__WHAT YOU WILL DO__. Keep the pictures out. Copy every line of the listing exactly.

__DATA EXTRACT__.
BEGIN
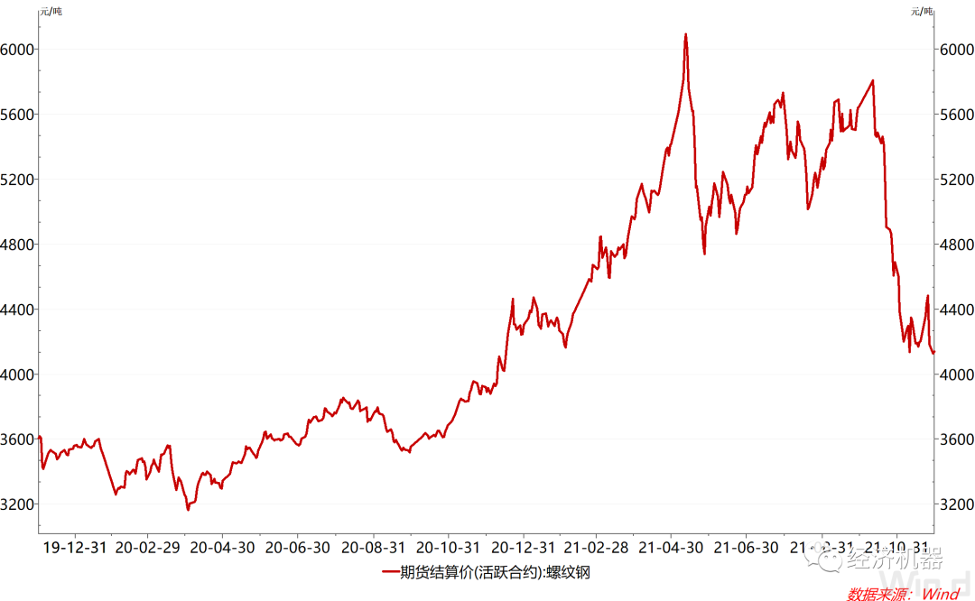 生產領域價格的顯著回落也印證了限產沖擊的迅速消退,這不僅表現在煤炭采選等行業,也體現在鋼鐵、有色、化工等各個領域。比如螺紋鋼期貨價格呈現出與動力煤類似的走勢,于10月中旬開始出現大幅回落(圖5)。
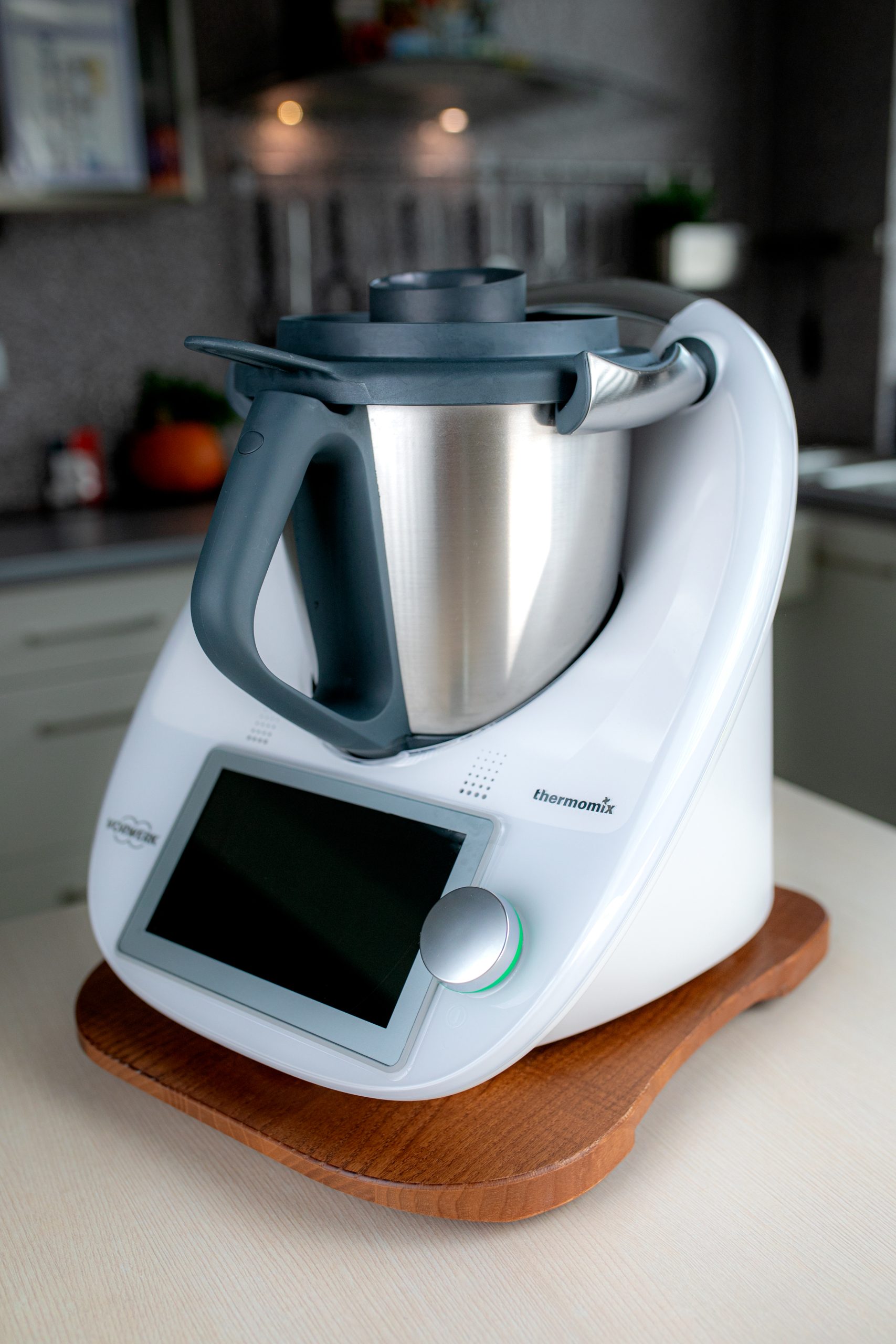 Produkt idealnie pasuje pod thermomix TM5 oraz TM6, wymiary deski to 34cm x 30cm x 3cm. Deska ma bardzo ładny nowoczesny wygląd który podkreślają delikatne wcięcia po bokach.
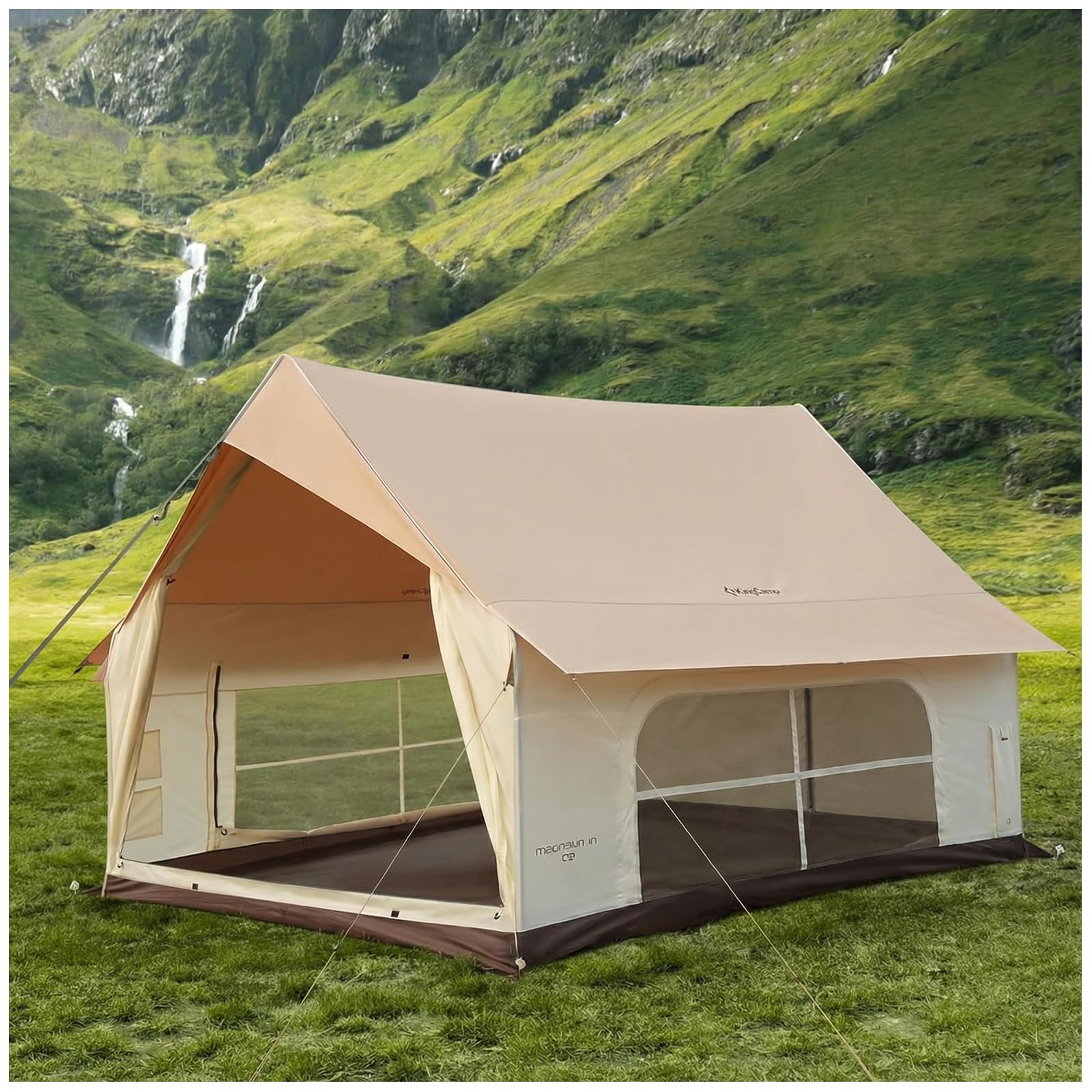 【フレーム厚1.2mmに強化】KingCamp ロッジ型テントポリコットン2-4人用ファミリーテント
END
__RESPONSE BELOW__.
 生產領域價格的顯著回落也印證了限產沖擊的迅速消退,這不僅表現在煤炭采選等行業,也體現在鋼鐵、有色、化工等各個領域。比如螺紋鋼期貨價格呈現出與動力煤類似的走勢,于10月中旬開始出現大幅回落(圖5)。
 Produkt idealnie pasuje pod thermomix TM5 oraz TM6, wymiary deski to 34cm x 30cm x 3cm. Deska ma bardzo ładny nowoczesny wygląd który podkreślają delikatne wcięcia po bokach.
 【フレーム厚1.2mmに強化】KingCamp ロッジ型テントポリコットン2-4人用ファミリーテント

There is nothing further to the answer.